_AIM OF THE TASK_. The reply should hold nothing except the lines from the one with "Weak layer failure" through the end of the entries, duplicated exactly and with no pictures.

_SUPPLIED MATERIAL_.
+ + + +
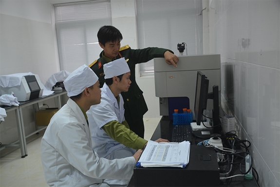 Cán bộ, giảng viên Bộ môn Sinh lý bệnh trao đổi chuyên môn tại phòng thí nghiệm. |
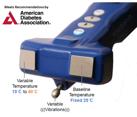 The Diabetic Neuropathy Device™ (DND) aligns with the latest screening and diagnostic recommendations from the American Diabetes Association (ADA). As the only tool capable of screening for distal symmetric polyneuropathy (DSPN) by assessing both temperature sensitivity (small fiber function) and vibration perception (large fiber function), the DND sets a new standard in neuropathy diagnostics, as emphasized in the ADA’s Diabetic Neuropathy: A Position Statement by the American Diabetes Association.
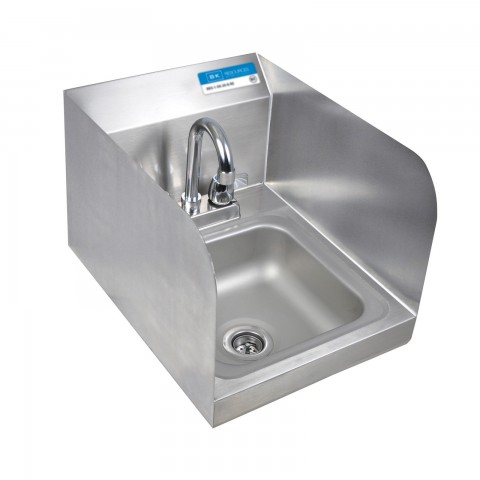 Space Saver Hand Sink, wall mount, 9" wide x 9" front-to-back x 5" deep bowl, 4" OC deck mount faucet (BKD-3G-G, lead free), marine edge, side splashes on left & right, 7-1/2"H backsplash, includes basket drain & wall mounting hardware, 304 stainless steel construction, NSF
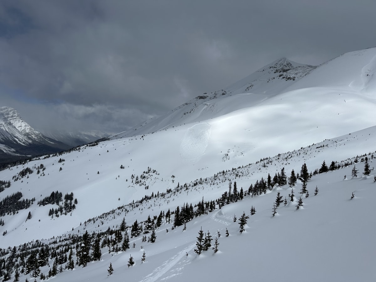 Weak layer failure traveled across alpine bowl feature covering a distance of ~800m.
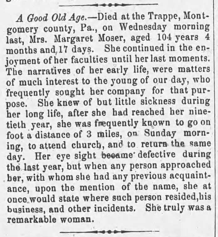 Margaret lived in Trappe, Montgomery, Pennsylvania and attended the Augustus Lutheran Church. The Old Trappe Church, A Memorial of the Sesqui-Centennial Services of Augustus Evangelical Lutheran Church, Montgomery County, Pennsylvania, which was published in 1893 documented her claim.  In 1917, the claim was also included in Old Roads Out of Philadelphia by John Thomson Faris.
+ + + +
_RESULT OF THIS TASK_.
 Weak layer failure traveled across alpine bowl feature covering a distance of ~800m.
 Margaret lived in Trappe, Montgomery, Pennsylvania and attended the Augustus Lutheran Church. The Old Trappe Church, A Memorial of the Sesqui-Centennial Services of Augustus Evangelical Lutheran Church, Montgomery County, Pennsylvania, which was published in 1893 documented her claim.  In 1917, the claim was also included in Old Roads Out of Philadelphia by John Thomson Faris.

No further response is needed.